Attorney Andrew Cohen analyzes legal issues for CBSNews.com.



The next time you have an urge to declare someone guilty before trial, someone like, say, Scott Peterson or Martha Stewart, think of Lizzie White. The next time you hear a post-arrest press conference where prosecutors and the police declare their case a slam dunk, think of Joe Moore. The next time you think that monstrous injustice is a thing of the past in our legal system, think of the Tulia Twelve.

The West Texas defendants -- White and Moore among them -- who were falsely accused and then improperly convicted for drug trafficking represent the flip side of the legal lollapalooza we've seen lately in the Peterson and Stewart cases. No slick lawyer came on television after these men and women were arrested back in 1999 to spin their cases for the primetime talk shows. No one covered the hearings or trials live on cable news or produced one-hour specials full of slow-motion action shots. No witness hired her own attorney to handle media requests and potential book deals.

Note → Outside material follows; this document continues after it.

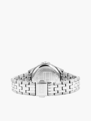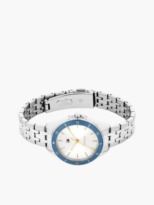 The contrasting blue bezel adds nautical spirit to this chain-link watch, while the brushed dial delivers a touch of texture.

Instead, as the Washington Post reported, "in eight lightning-quick trials, juries with virtually no black members handed down blisteringly tough sentences -- even though the sweeps turned up no drugs, weapons, paraphernalia or other signs of drug dealing." When the rest of the defendants saw that -- Jim Crow justice 50 years after it was supposed to have been outlawed -- they quickly pleaded guilty themselves in order to give themselves at least a shot at a lighter sentence. And then they languished in jail, knowing they were innocent of those charges, until sufficient legal momentum and good old-fashioned outrage did something about it.

These convictions and guilty pleas occurred before anyone suspected that the lone detective who carried out the undercover investigation was himself a bit of a fraud. Tom Coleman, now under indictment himself, "did not record his purchases, and he worked alone. His notes sometimes consisted of his jotting down broad information about sales on his leg," the New York Times reported. There is nothing inherently illegal or improper about that. But defense attorneys, prosecutors and the judge now agree that Coleman engaged in "blatant perjury" while on the witness stand in the cases and was "the most devious" witness the judge had witnessed in his "25 years on the bench in Texas."

Jayson Blair meets C.S.I. Miami, you might say. Yet Coleman's testimony, alone, was enough to put people in jail, some under sentences as long as 90 years. That tells you all you need to know about easy and simple it is to twist all the preconceived notions and assumptions we have about fair and equal justice in America. And in this Age of Laci and Larry King, when people are so quick to make such important judgments about people they've never met based upon evidence they've never seen, it's hard to imagine a better time in the history of the law for a story that reminds people that things are rarely what they seem.

I can just see the angry phone calls and e-mails coming to my poor editors so, please, let's get it straight. I'm not guaranteeing that the Tulia defendants all were or are angels. And I'm not saying that the police have lied in the Peterson case or that federal law enforcement officials have made out of origami their case against Stewart. I hope that they haven't -- and that would be the way to bet, too -- but the fact of the matter is that you just never know about a case, a defendant, a prosecutor, a cop, a witness, a judge, a lawyer, the evidence, whatever, until it all comes out in the open. And even then, as we've seen with these poor folks from Tulia, there are no guarantees. I wish they would talk about that sometime when they gather the talking heads together for their ritualistic speculation frenzy each night.

The story of the Tulia two-step is neither prevalent nor unheard of. It happens from time to time in our all-too-human justice system. And the truly awful thing about it is that you never really know it's happening until long after it's happened. If you don't believe me, ask the Illinois death-row inmates who were wrongly convicted how it feels to be truly worthy of primetime attention -- only to find that the spotlight and its glare are elsewhere.